Playing off my last article (Get The Point?!), I want to take time now to address an issue I brought up before. Pointing does help get people’s attention and quite often reveals a personal point needing to be taken. If you will take the time to think with me here, you may learn a secret that will help resolve conflicts in your life and help you grow as GOD intends. By the end of this article, may you learn to say: Point Taken!
Emotions are an integral part of who we are as human beings. How we feel impacts our decisions, and thus all those around us. Your feelings will either take control of you or you will take control of your feelings and point them in the right direction. Your feelings not only serve as a way to experience life, but should also serve as a teacher. You should come to understand the reasons why you feel as you do.
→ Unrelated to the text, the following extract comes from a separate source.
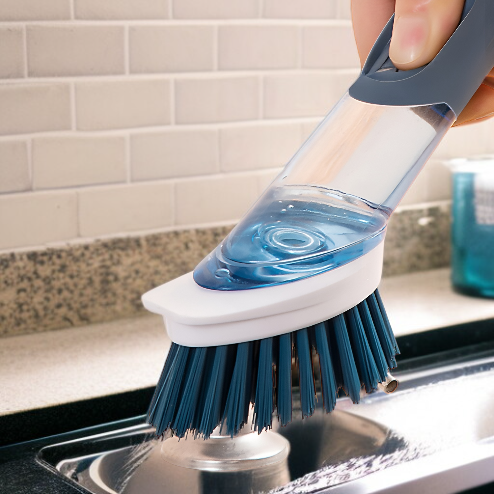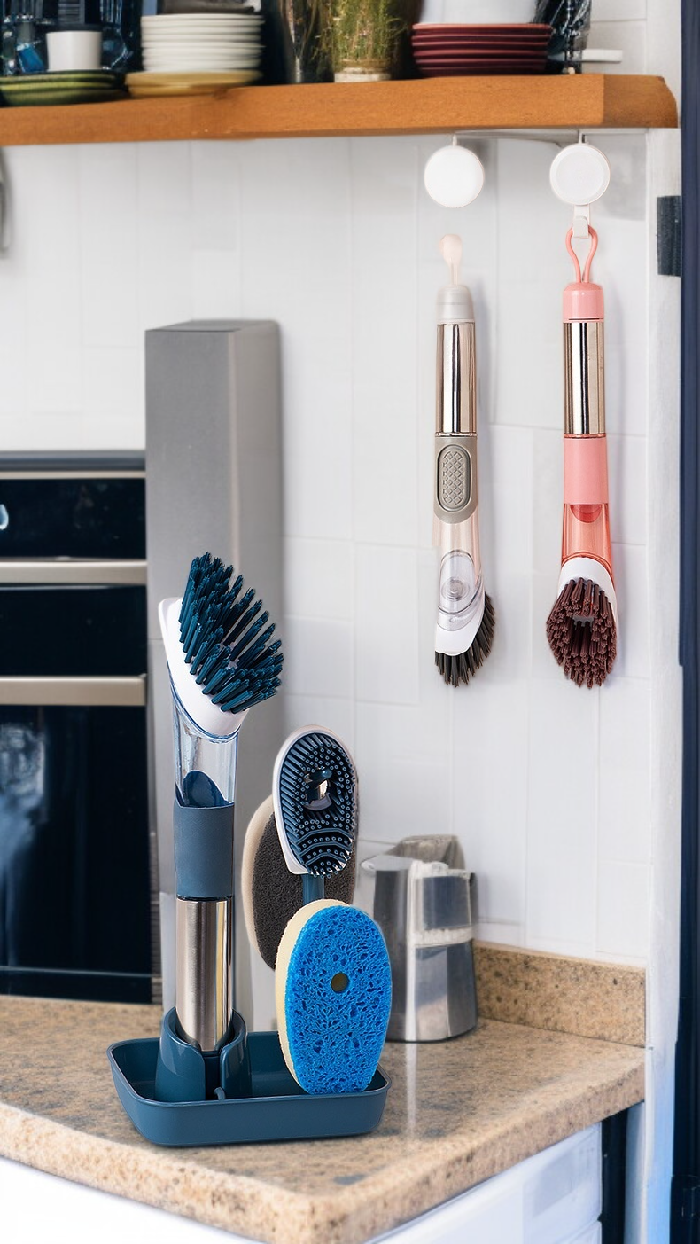 食器用洗剤自動注入、長柄で手を汚さず洗浄。スポンジ・ナイロンブラシ交換可能。4in1多機能でキッチン掃除に便利。
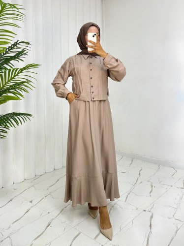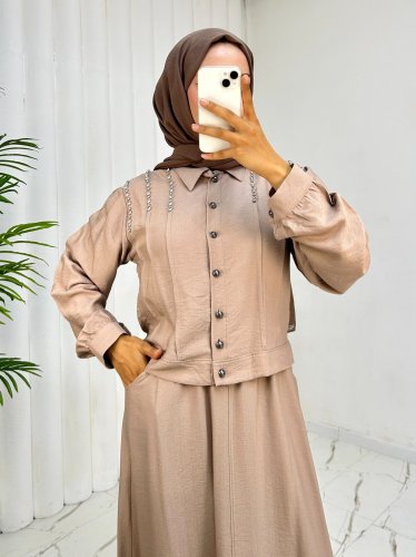 Omuzu Taşlı Düğmeli Ceket Etek Keten Takım -Vizon

What happens when you point your finger and what is happening that leads you to do this? Unless it involved just giving someone a direction to go for something, you likely have had some emotion to well up within you and lead you to stick out your finger and point toward someone. So, how many fingers do you have pointing at someone (assuming that you have the typical 5 fingers on your hand)? Likely, you have only one, or at the most two, if your thumb is grasping your other fingers (or perhaps just relaxed on top of them, possibly indicating that the emotion may not be quite as strong). Often, especially if your emotion is particularly strong, your thumb is pointing upward. Unless you have a strange way of pointing, you will have three fingers that are aimed right back at you. Take note of this! Three fingers are pointing back at you and only one (or at the most two) at someone else! If you find your thumb pointing up, you should let that remind you that the point you should be taking is to be looking up for help to resolve whatever led you to point.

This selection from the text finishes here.